Fig. 4. Neutralization breadth and binding properties of the MAbs (3C1, 2H2, 2G3, 3A2, and 8D3) against SARS-CoV-2 variants.

a Neutralization values and fold change in neutralization IC50 of the MAbs against the variant pseudoviruses, relative to the WT pseudovirus. A minus sign (-) denotes decrease. Orange shade, more than 10-fold decrease; red shade, more than 100-fold decrease. b Neutralization activity of the MAbs towards SARS-CoV-2 Beta, Kappa, and Delta variant pseudoviruses. The MAbs were serially diluted and tested for neutralization. Data are expressed as mean ± SEM of four replicate wells. c Binding properties of the MAbs with recombinant S trimers derived from the WT and Delta strains were determined by ELISA. Serial dilutions of S trimers were coated onto the wells. Data are expressed as mean ± SD of triplicate wells. d Binding properties of the MAbs with recombinant RBD proteins derived from the WT, Beta, and Delta strains were measured by ELISA. Serial dilutions of RBD were coated onto the wells. Data are expressed as mean ± SD of triplicate wells. Source data are provided as a Source Data file.

Fig. 5. Cryo-EM analyses on the Delta S-8D3 Fab complex.
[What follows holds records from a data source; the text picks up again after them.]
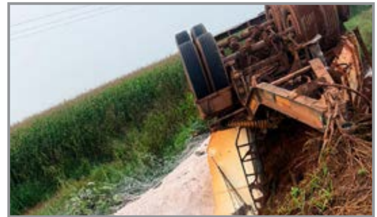
Um dos semirreboques tombou
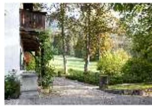
Lin.V, Blick vom Königshäuschen in den Park, DI009131, BSV-
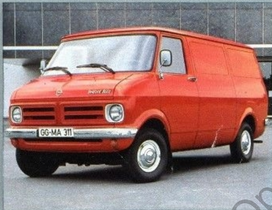
Bedford Blitz Transporter als Kastenwagen

Transporter sind vielseitig, leistungsstark, wirtschaftlich und langlebig. Robuste, bewährte Konstruktion, große, ebene Ladefläche. Als Kasten-, Pritschen- oder Kombiwagen. Fahrgestell mit Fahrerhaus ideal für die verschiedensten Sonderaufbauten. 2 Radstände, zul. Gesamtgewicht: 2.340-3.500 kg je nach Modell. Benzin- und Dieselmotoren.

a Side and top views of the cryo-EM map of the Delta S-8D3 complex, with the heavy and light chain of 8D3 Fab in royal blue and violet red, respectively. The color scheme was followed. b, c Model-map fitting of the focus-refined Delta RBD-1-8D3 structure b, and the zoomed-in view of the Delta RBD-1/8D3 interaction interface c. The sidechains of the key amino acids, including R452 and K478, are well resolved. d The RBD-1/8D3 interaction interface, with major involved structural elements and the two RBM mutations of Delta variant labeled. e ACE2 (coral, from our Delta RBD-1-ACE2 structure) would clash with the heavy chain of 8D3 Fab (dotted black circle). They share overlapping epitopes on the RBM loop^473–490. f The side chain orientation alternation of K478 from Delta RBD-1-8D3 (in light green) relative to that from Delta RBD-1-ACE2 (coral). g Magnified view to show the H-bond interaction network formed between 8D3 Fab and the RBM loop^473–490 of Delta variant. h Distinct binding of 2H2 (PDB 7DK4, blue) and 3C1 (PDB 7DCC, purple) Fab on the RBD (light green) of WT S. The Delta variant mutation sites (in red surface) are not located in the binding footprint of 2H2 and 3C1 on RBD. i The footprint (<4 Å contact) of ACE2 (coral, our Delta RBD-1-ACE2 structure), 8D3 (violet red), 2H2 (blue), and 3C1 (purple) Fab, respectively, on RBD. The second column shows the RBD with mutation sites of the Delta, Beta, and Kappa variants indicated in red.